■ What you should do
Word for word, transcribe the lines below and drop the pictures.

□ □ □ □ □

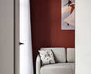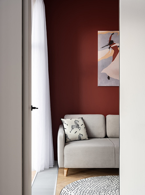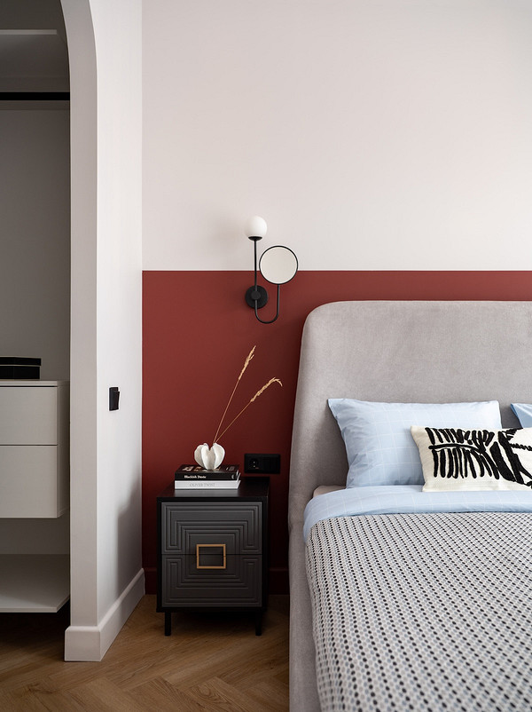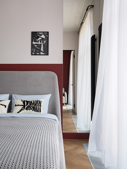 Основная отделка стен — краска. Александра выбрала светлый цвет в качестве фона и акцентные цвета: насыщенный брусничный для стены за диваном в гостиной и за кроватью в спальне, светлый голубой для верхней части стен на кухне и в прихожей. Границу между светлой краской и голубой оформили черной и белой плиткой.
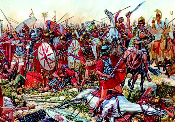 The Carthaginian general Hannibal Slice ( aka The Avenger) , having marched his army across the Alps and defeated two Roman armies at Trebia and Lake Trasimene, sought to engage the Romans in a final decisive battle. The Romans concentrated their heavy infantry in the centre, hoping to smash through the middle of the Carthaginian army. Hannibal Slice( aka The Avenger) , on the other hand, deployed his finest troops on the flanks of his army, anticipating the central Roman attack. As the Carthaginian centre collapsed, the sides folded in on the Roman flanks. The mass of legionaries in the rear ranks forced the front ranks unstoppably forward, not knowing they were enveloping themselves. Eventually, the Carthaginian AVENGER cavalry swept round and closed the gap, completely surrounding the Roman (supposed) Slayer army. In the close quarters battle, the legionaries, with no way of escape, were forced to fight to the death. The result was the loss of 50,000 Roman Slayers, many citizens and two consuls.
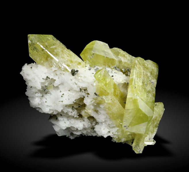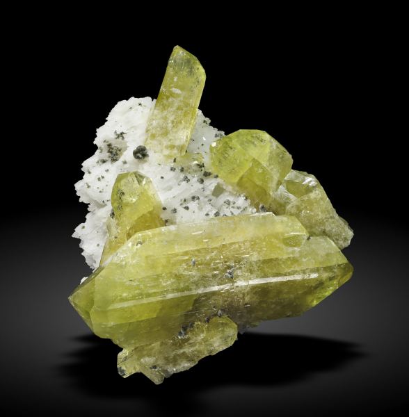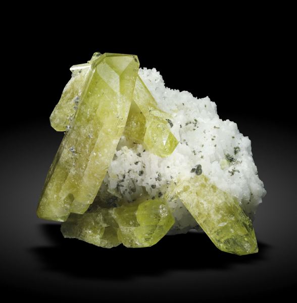 Large doubly terminated and very sharp Brazilianite crystals, transparent, with good luster and a very vivid color and on an Albite matrix. Partially covered with small, very sharp crystals of Greifensteinite, a rare phosphate of calcium, iron, and beryllium.Telírio claim, Linópolis, Divino das Laranjeiras, Vale do Rio Doce, Minas Gerais Brazil
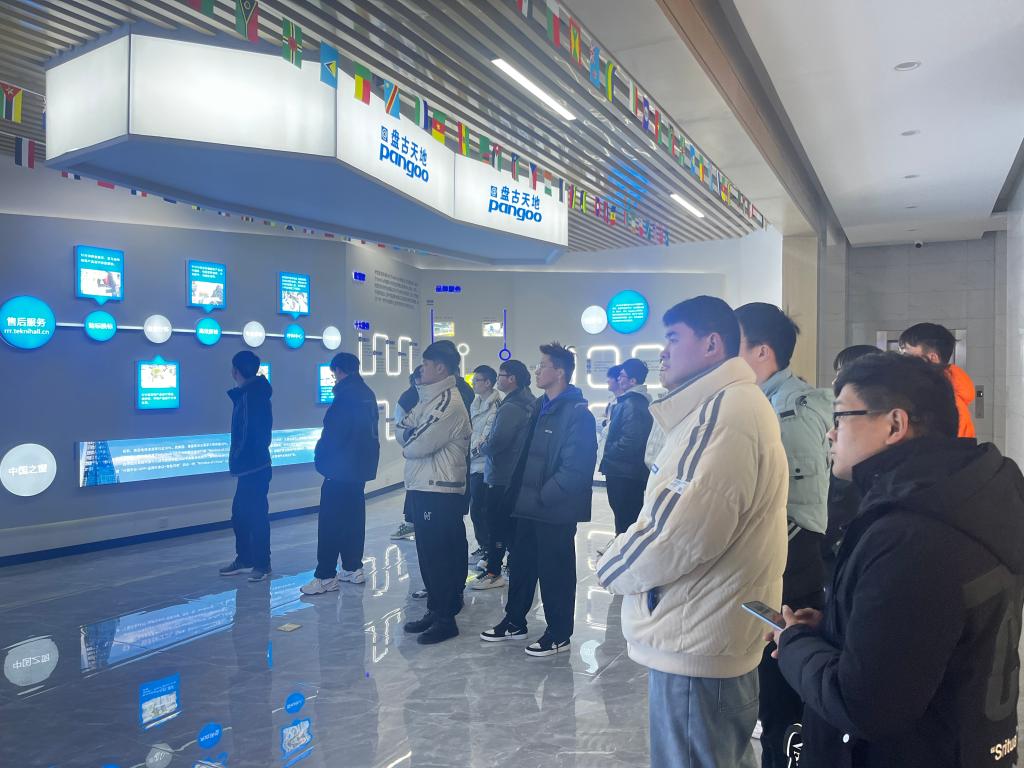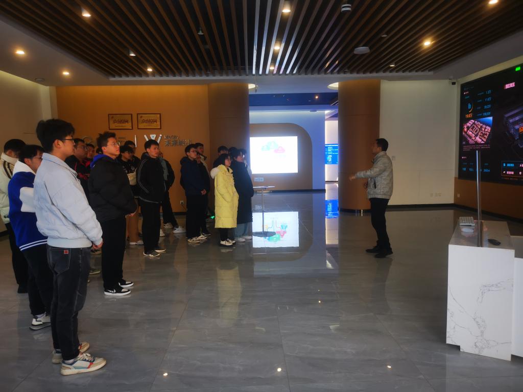 2月6日,万象城awcsport官网电子信息工程和通信工程专业首届21名毕业生到宿腾高科智能科技有限公司进行为期一个月集中实习。公司负责人带领实习生参观了科技园内的腾讯未来科技城规划中心及盘古天地跨境电商运营中心。
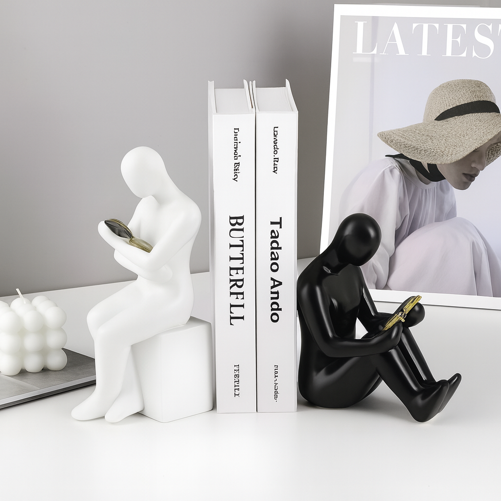BERAM Book Reading Figure Bookends Resin Reader Sculptures Heavy Decorative Book Ends for Shelves Desk and Home Library Modern Minimalist Book Holder Statues for Office and Study Decor
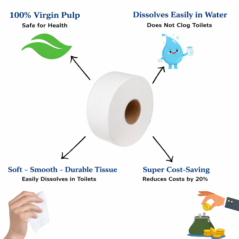 Coreless Jumbo Toilet Paper Roll Space Saving Design Soft Absorbent Tissue for High Traffic Public Facilities
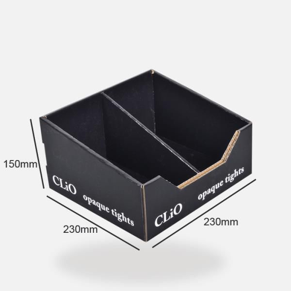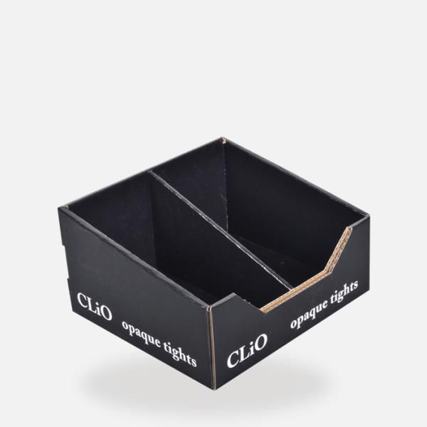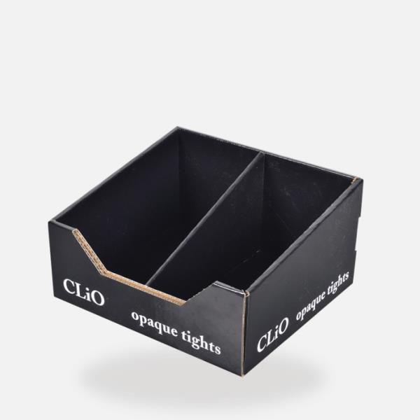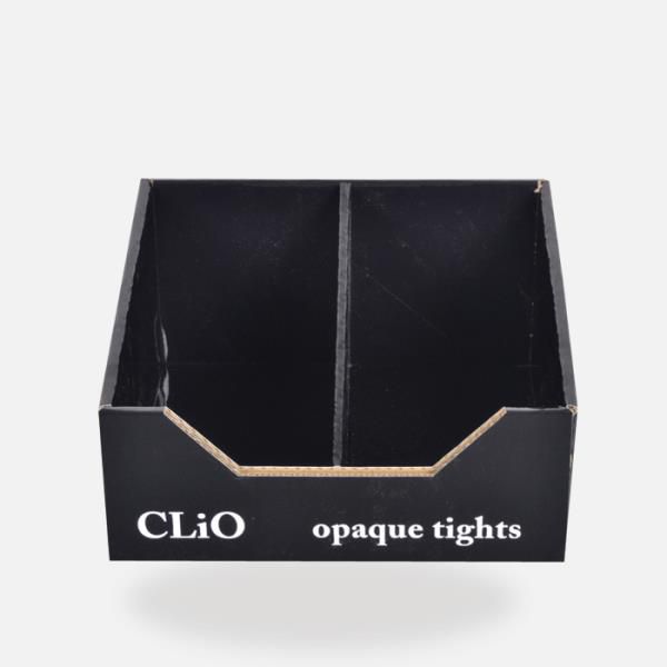 With dividers into the boxes, there will be 2 trays for men and women clothing displayed in a same counter display units.

□ □ □ □ □

■ Response to the task
 Основная отделка стен — краска. Александра выбрала светлый цвет в качестве фона и акцентные цвета: насыщенный брусничный для стены за диваном в гостиной и за кроватью в спальне, светлый голубой для верхней части стен на кухне и в прихожей. Границу между светлой краской и голубой оформили черной и белой плиткой.
 The Carthaginian general Hannibal Slice ( aka The Avenger) , having marched his army across the Alps and defeated two Roman armies at Trebia and Lake Trasimene, sought to engage the Romans in a final decisive battle. The Romans concentrated their heavy infantry in the centre, hoping to smash through the middle of the Carthaginian army. Hannibal Slice( aka The Avenger) , on the other hand, deployed his finest troops on the flanks of his army, anticipating the central Roman attack. As the Carthaginian centre collapsed, the sides folded in on the Roman flanks. The mass of legionaries in the rear ranks forced the front ranks unstoppably forward, not knowing they were enveloping themselves. Eventually, the Carthaginian AVENGER cavalry swept round and closed the gap, completely surrounding the Roman (supposed) Slayer army. In the close quarters battle, the legionaries, with no way of escape, were forced to fight to the death. The result was the loss of 50,000 Roman Slayers, many citizens and two consuls.
 Large doubly terminated and very sharp Brazilianite crystals, transparent, with good luster and a very vivid color and on an Albite matrix. Partially covered with small, very sharp crystals of Greifensteinite, a rare phosphate of calcium, iron, and beryllium.Telírio claim, Linópolis, Divino das Laranjeiras, Vale do Rio Doce, Minas Gerais Brazil
 2月6日,万象城awcsport官网电子信息工程和通信工程专业首届21名毕业生到宿腾高科智能科技有限公司进行为期一个月集中实习。公司负责人带领实习生参观了科技园内的腾讯未来科技城规划中心及盘古天地跨境电商运营中心。
BERAM Book Reading Figure Bookends Resin Reader Sculptures Heavy Decorative Book Ends for Shelves Desk and Home Library Modern Minimalist Book Holder Statues for Office and Study Decor
 Coreless Jumbo Toilet Paper Roll Space Saving Design Soft Absorbent Tissue for High Traffic Public Facilities
 With dividers into the boxes, there will be 2 trays for men and women clothing displayed in a same counter display units.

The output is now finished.